====== Material provided

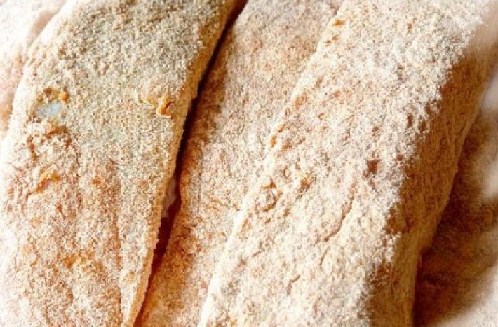 Do hlubokého talíře nasypejte strouhanku, do druhého hladkou mouku a do třetího vyklepněte dvě vajíčka, která rozšlehejte vidličkou do hladké konzistence. Každý kapří filet pak obalte nejprve v hladké mouce, poté ve vajíčku a nakonec ve strouhance.
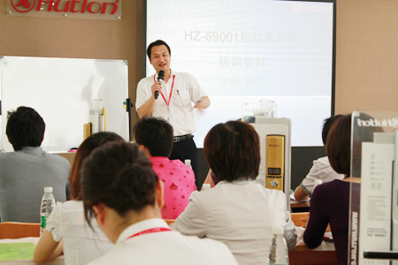 此次的培訓分為多個板塊,分別為:智能鎖市場分析;匯泰龍新產品介紹;操作使用;安裝與調試;售后服務。培訓采用幻燈片演示以及現場實操演練相結合,直觀地再現了匯泰龍智能電子門鎖內部結構和性能特點,從大家的自由的討論中總結匯泰龍新款智能電子鎖的優勢:360度指紋識別、啟動時間不到1秒、時尚的產品外觀設計、雙核雙電路設計等,在實操部分,大
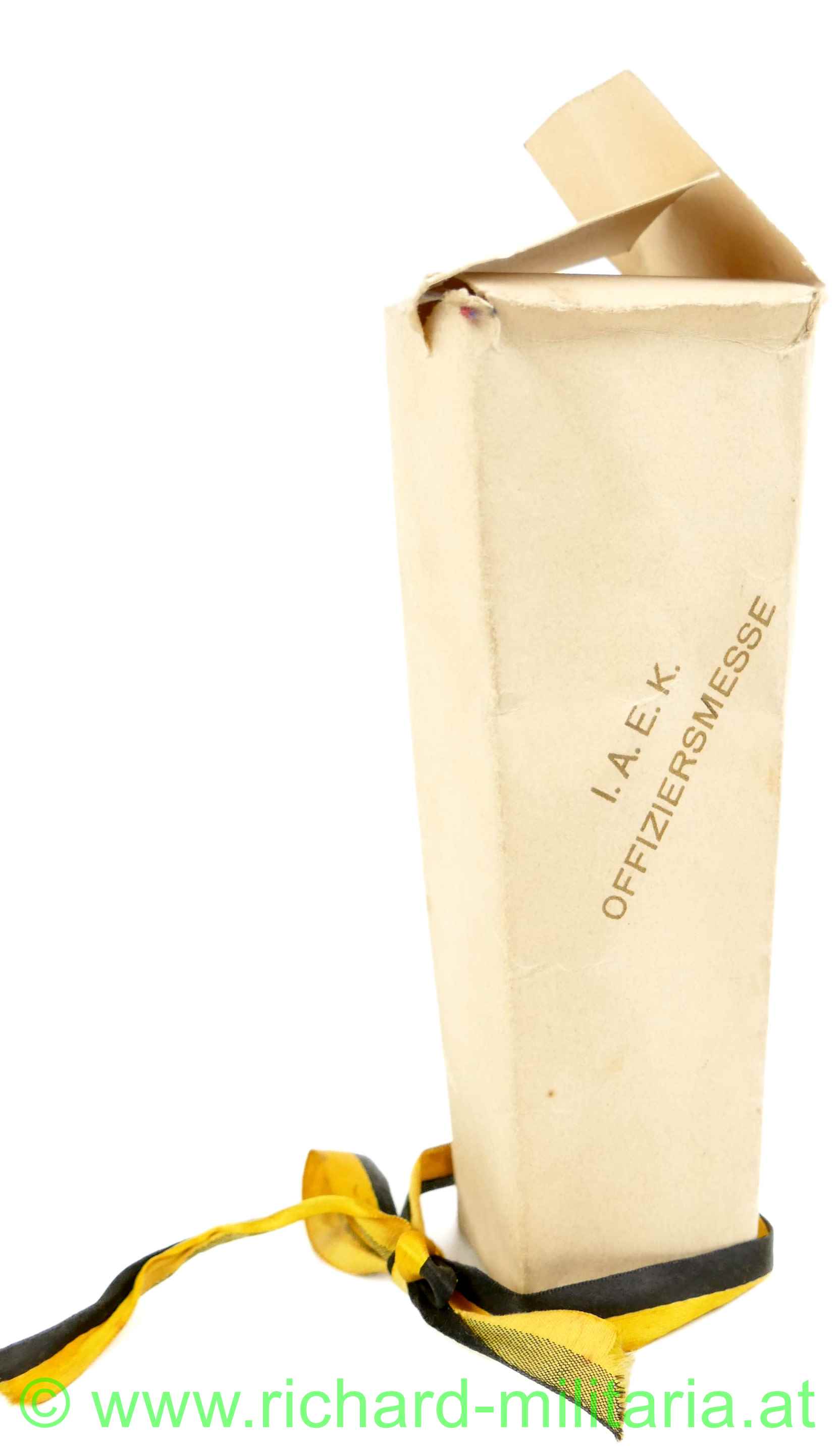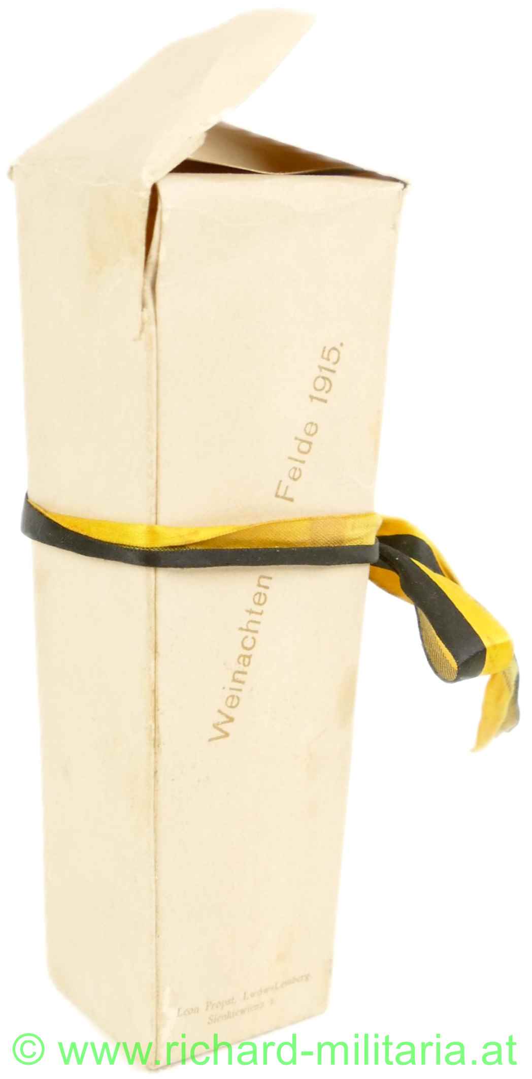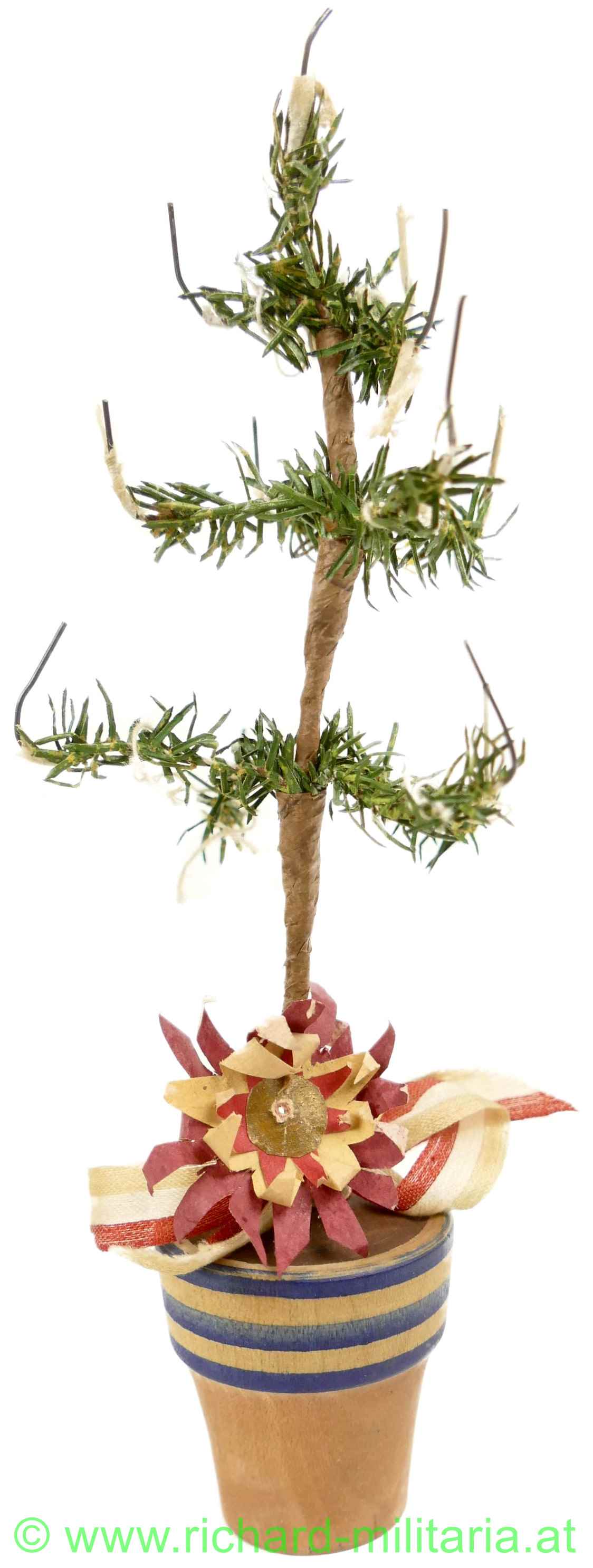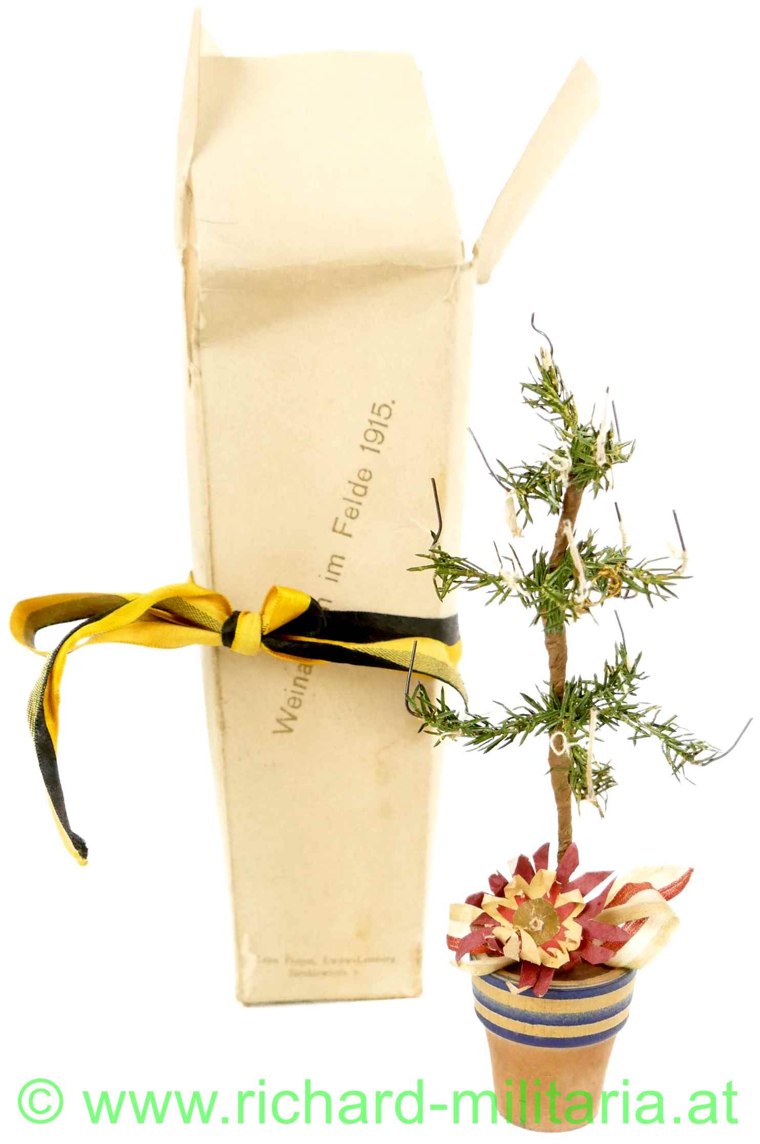 Weihnachten im Felde 1915 - Miniaturchristbaum mit Überkarton, Holz lackiert, Draht umwickelt; Grabenweihnachtsbaum mit Seidenmasche in ungarischen Farben, dazugehöriger Überkarton: "Weihnachten im Felde 1915" u. "I.A.E.K. OFFIZIERSMESSE" - Karton noch mit einer Seidenschleife in den Kaiserfarben geschmückt;

============

What is being asked
The listing above should be transcribed word for word, with its pictures left out.

Reply
 Do hlubokého talíře nasypejte strouhanku, do druhého hladkou mouku a do třetího vyklepněte dvě vajíčka, která rozšlehejte vidličkou do hladké konzistence. Každý kapří filet pak obalte nejprve v hladké mouce, poté ve vajíčku a nakonec ve strouhance.
 此次的培訓分為多個板塊,分別為:智能鎖市場分析;匯泰龍新產品介紹;操作使用;安裝與調試;售后服務。培訓采用幻燈片演示以及現場實操演練相結合,直觀地再現了匯泰龍智能電子門鎖內部結構和性能特點,從大家的自由的討論中總結匯泰龍新款智能電子鎖的優勢:360度指紋識別、啟動時間不到1秒、時尚的產品外觀設計、雙核雙電路設計等,在實操部分,大
 Weihnachten im Felde 1915 - Miniaturchristbaum mit Überkarton, Holz lackiert, Draht umwickelt; Grabenweihnachtsbaum mit Seidenmasche in ungarischen Farben, dazugehöriger Überkarton: "Weihnachten im Felde 1915" u. "I.A.E.K. OFFIZIERSMESSE" - Karton noch mit einer Seidenschleife in den Kaiserfarben geschmückt;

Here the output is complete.